Nos molesta (o incómoda, más bien) su extraña condición: no son exactamente plantas, no son animales, ciertamente, pero no sabemos cómo funcionan, qué bio-lógica se esconde detrás de su apariencia singular. No sabemos a ciencia cierta dónde saldrán, ni cuándo, ni por qué

De entrada, Marc nos consoló: tenemos un país que es la meca del buscador de setas, con una diversidad extraordinaria de hábitats, cada uno con su botánica particular. Eso ya lo sospechábamos, pero de vez en cuando nos lo tienen que recordar. Un poco de teoría: una seta es un carpidor comestible que producen algunos hongos —no todos. Y hay tres tipos: los saprófitos (los que descomponen material orgánico), los simbióticos (los que se alían con las raíces de un árbol, como los níscalos) y los parásitos (estos seríamos nosotros, si fuéramos setas). E imaginamos que Ustedes —como nosotros— pasamos de largo de los encinares si podemos encontrar un bosque de pinos cerca. Error.

Un paseo por aprender mucho sobre los setas / Foto: Albert Villaró y Montse Ferrer

En un paseo de tres kilómetros hay absolutamente de todo. Mataparents, mollerics y mollerons, carlets y pimpinelas, frioleros, y mucosas de encina. Incluso oronjas, la famosa Amanita cesarea, que no se habían visto nunca por estos lares (o los que los habían cogido no lo habían revelado), pampaioles y pampetes. Setas de tinta, deliciosas, pero que no se tienen que mezclar nunca con alcohol. Los espectaculares apagallums. Tres tipos de gorros verdes o russula, tres. Russula delica, sí (pero no los que sueltan un poco de leche cuando los cortas). Y los huevos del diablo (que, a pesar del nombre, se pueden consumir si son inmaduros). ¿Y qué me dicen de los pedos de lobo? Son buenísimos, pero solo cuando son tiernos.

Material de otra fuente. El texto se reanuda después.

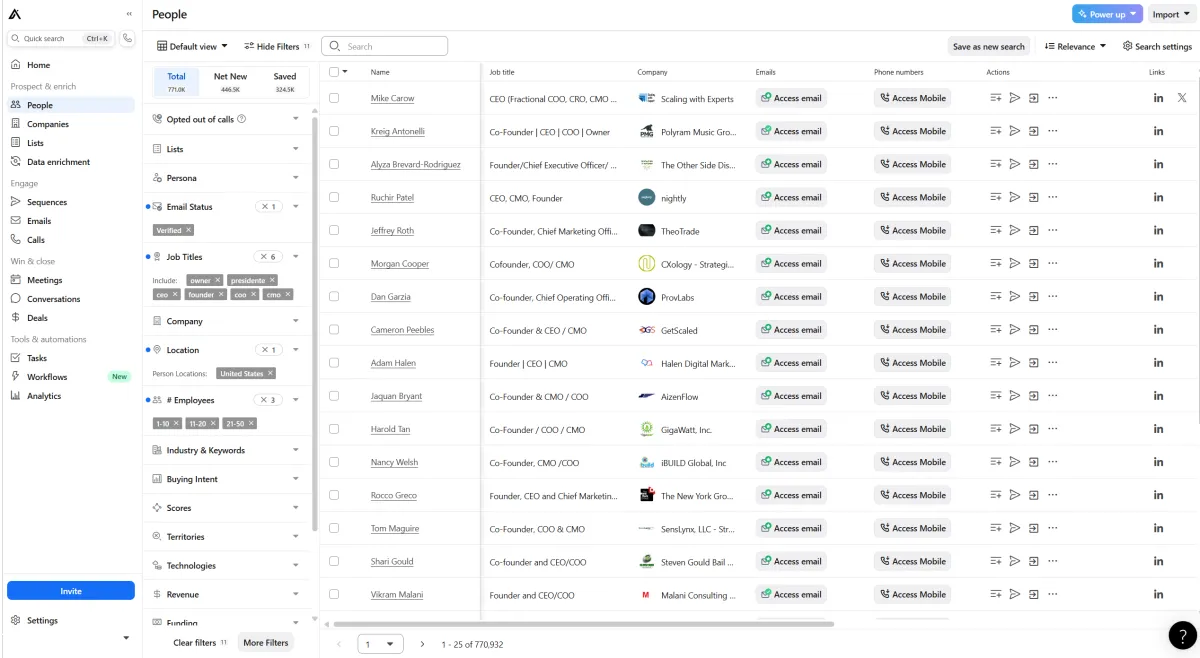 Unlock your B2B growth potential with our exclusive database of verified email leads for top-level executives and business owners in the United States. Curated from Apollo, our leads target key decision-makers in companies with 1 to 50 employees, ensuring you're connecting with the right individuals who can make decisions.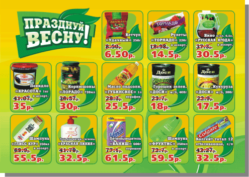 Листовка — бумажный лист, как правило формата А4, запечатанный с одной или обеих сторон, в одну- или несколько красок, рекламного или информационного содержания. Предполагает несколько более высокое качество полиграфического исполнения, чем у бланка.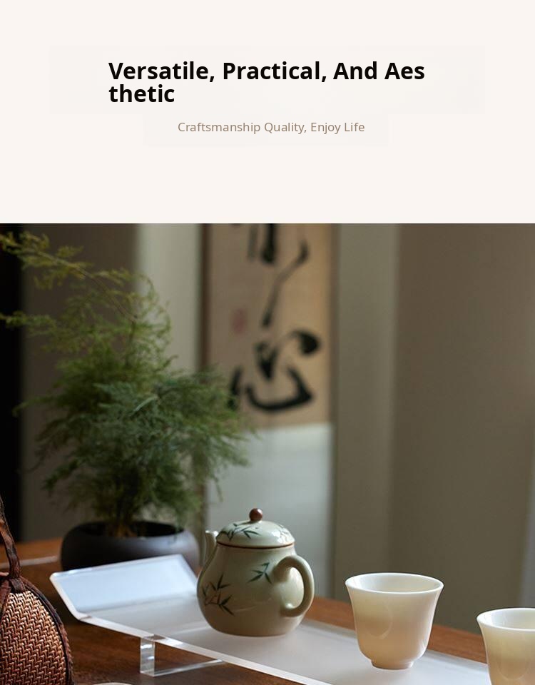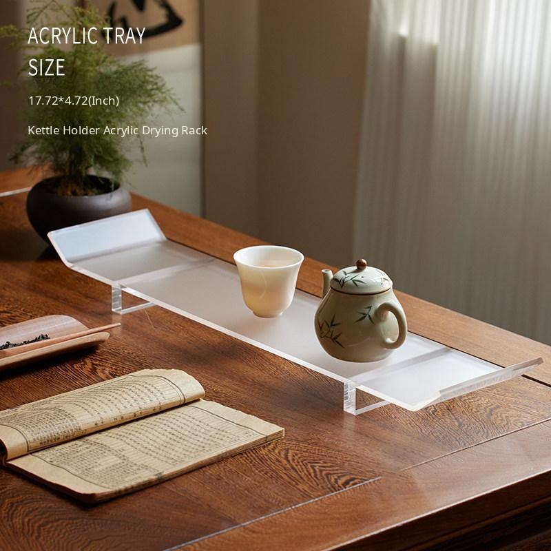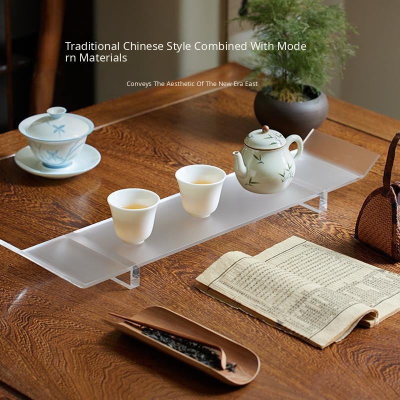 Elegant New Chinese Style Acrylic Drying Tea Set with Teapot, Teacups, Tea Tray, and Storage Rack - Perfect for Tea Ceremony and Home Decor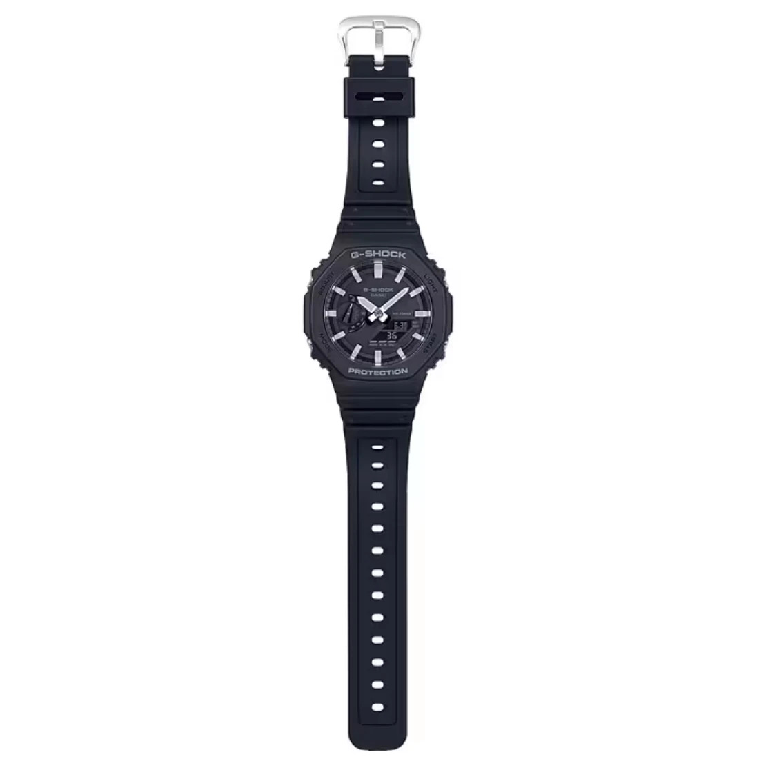 Tamaño de la caja (L× W× H): 48.5 × 45.4 × 11.8 mm Material de la caja/bisel: Carbono/resina Peso: 51 g Correa de resina Resistente a impactos Estructura Carbon Core Guard Resistencia al agua de 200 m Fuente de alimentación: pila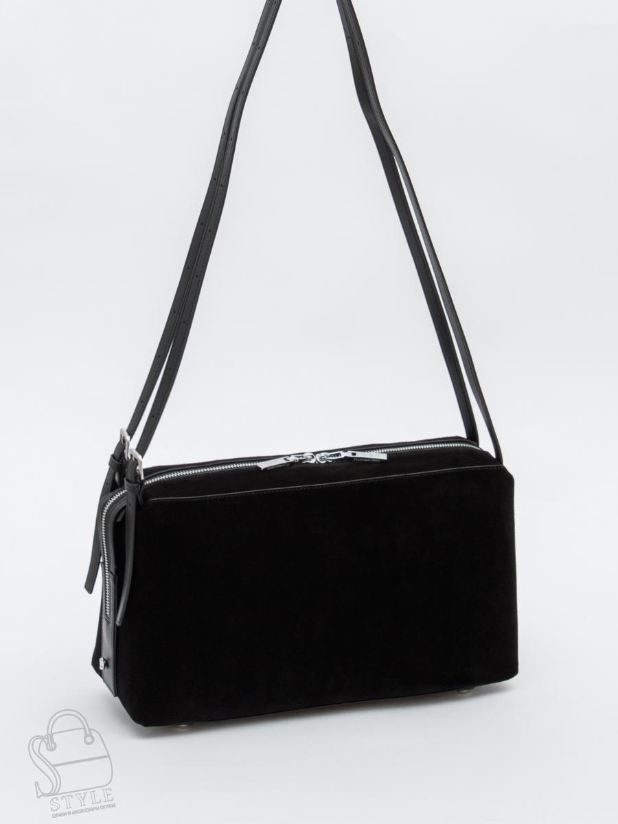 Стильная сумка, выполнена из натуральной замши.  Дополнена серебристой фурнитурой. Данная модель закрывается на молнию. Каркас мягкий. Носится на плече за встроенные ручки с регулировкой длины. На дне предусмотрены ножки.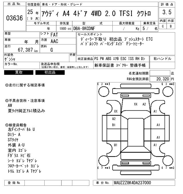 AUDI A4 2.0 TFSI QUATTRO - лот 3636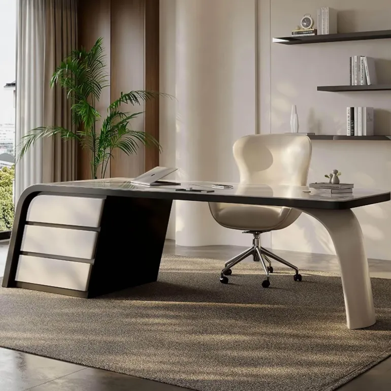 Der hochglänzend pulverbeschichtete Rahmen unterstreicht das moderne Design und schafft eine einladende Atmosphäre, die Ihre Büroeinrichtung aufwertet. Dieser Schreibtisch vereint Funktionalität und Eleganz und ist die ideale Wahl für alle, die ihre Arbeitsumgebung mit anspruchsvollem Stil aufwerten möchten.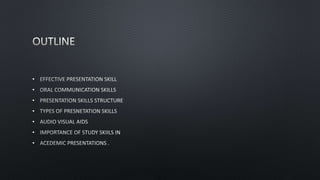 This document discusses how to improve presentation skills through effective structure and components. It recommends including an introduction that grabs attention, main themes that are relevant to the topic, and a summary/conclusion with key messages. Using audiovisual aids can make learning more effective by engaging multiple senses, but they may also cause technical problems or distraction. There are different types of presentations such as informative, arousing, persuasive, decision-making, and instructional.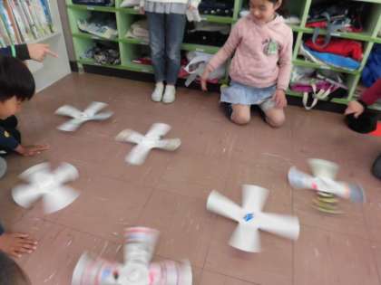 完成するとそれぞれ色を塗ったり、羽のデザインを変えたりしました。自分のオリジナルのこまを作り、みんなで回して遊ぶことで楽しく学習することができました。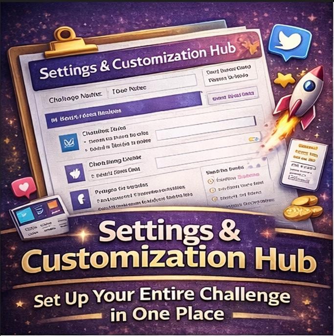 βοΈ Settings & Customization Hub -Set up your entire challenge in one place. Customize your brand name, challenge dates, social media handles, posting schedule, content themes, weekly goals, and your core hashtag list. Reference this page all month long.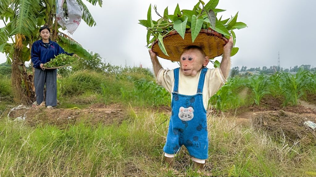 Together, they washed vegetables, sliced sweet potatoes, and mixed rice bran. Lala watched closely, copying Mom’s actions with her tiny hands. Each time something fell, she giggled and picked it up again. Mom praised her effort, guiding her gently and making sure she stayed safe near the hot stove. The smell of warm food filled the air, and Lala’s face lit up with pride.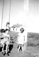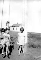 Kay Koslan comments: I remember visiting here when the root cellar (to the left of the Abbey children) was there, and there was also an outhouse. The outhouse was no longer there. The door in the background was likely the front door. The Abbey kids are either going to school or to church, I'll bet.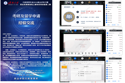 5月8日上午,行政管理专业2018级认识实习暨职业发展规划线上辅导系列讲座第二期如期进行。本次讲座邀请了行政管理专业毕业班高一丹、孙霞和王若溪三位学姐,她们分享的题目是《考研及留学申请经验交流》。六合论坛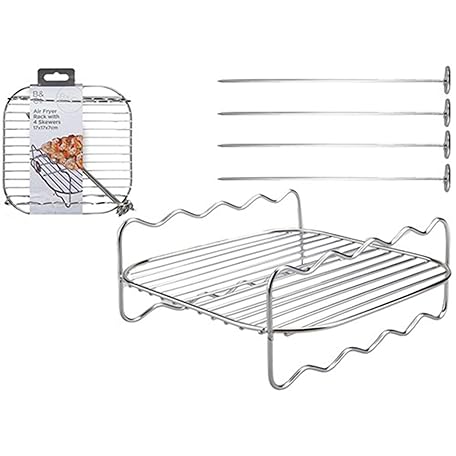 Square Air Fryer Skewer Grill Rack with 4 Metal Kebab Vegetable Skewers 17cm x 17cm x 7cm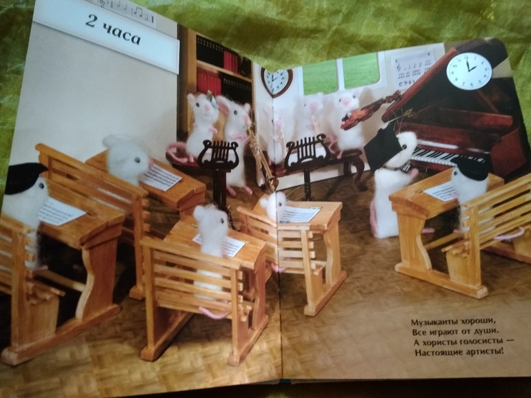 Книжка-пособие с фотоиллюстрациями для изучения времени. Про режим дня одной мышиной семьи. Или почти любой человечьей )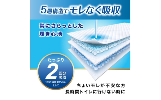 2回吸収タイプで、ちょいモレが不安な方や長時間トイレに行けない時に便利です。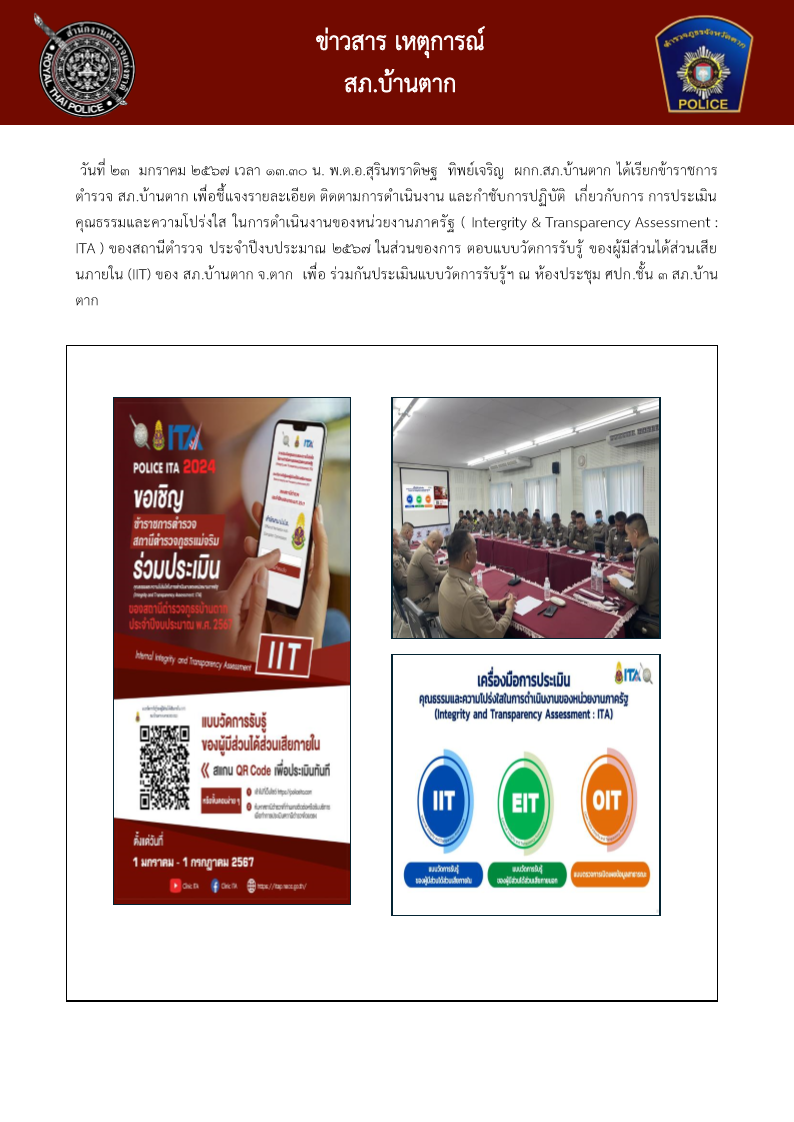 วันที่ 23 มกราคม 2567 เวลา 13.30 น. พ.ต.อ.สุรินทราดิษฐ ทิพย์เจริญ ผกก.สภ.บ้านตาก ได้เรียกข้าราชการตำรวจ สภ.บ้านตาก เพื่อประชุมชี้แจง รายละเอียดติดตามการดำเนินงานและกำชับการปฏิบัติ เกี่ยวกับการ ประเมินคุณธรรมและความโปร่งใส ในการดำเนินงานของหน่วยงานภาครัฐ ( Intergrity & Transparency Assessment : ITA ) ของสถานีตำรวจ ประจำปีงบประมาณ 2567 ในส่วนของการ ตอบแบบวัดการรับรู้ ของผู้มีส่วนได้ส่วนเสียภายใน (IIT) ของ สภ.บ้านตาก จ.ตาก เพื่อ ร่วมกันประเมินแบบวัดการรับรู้ฯ ณ สภ.บ้านตาก ห้องประชุม ศปก.ชั้น 3Bantakpolice23 มกราคม 2567Integrity & Transparency Assessment : ITA, เหตุการณ์ มกราคม 2567

Más y más setas / Foto: Albert Villaró y Montse Ferrer

Naturalmente, acabamos mareados, con la sensación que, con tanta información, salimos del bosque sabiendo menos que cuando entramos. Solo sabemos que no sabemos nada. Es una impresión falsa, ciertamente, porque el conocimiento se adquiere con paciencia y sedimentación. Pero la semilla ya está plantada. La espora, mejor dicho. Y lo que nos impresionó más fue descubrir, justo cerca del camino, un ejemplar precioso de Amanita phaloides, la temible harinera borda, la seta que dicen que tiene un sabor admirable, pero que si te lo comes, te deshace el hígado y te mata, sin que se pueda hacer gran cosa si no se llega a tiempo. Aquella amanita, surgida orgullosa al pie de una encina, con su anillo, el sombrero amarillento, el aroma inofensivo, es el memento muera, el recordatorio que, a la naturaleza no todo es tan bonito como parece y que nosotros, humanos prepotentes y sabiondos, estamos aquí de paso y, cuando nos hayamos extinguido, todavía habrá setas (saprófitas, parásitas o simbióticas) que brotarán cuando los eructe y se reirán de nosotros, tan creídos, tan vulnerables, en el fondo.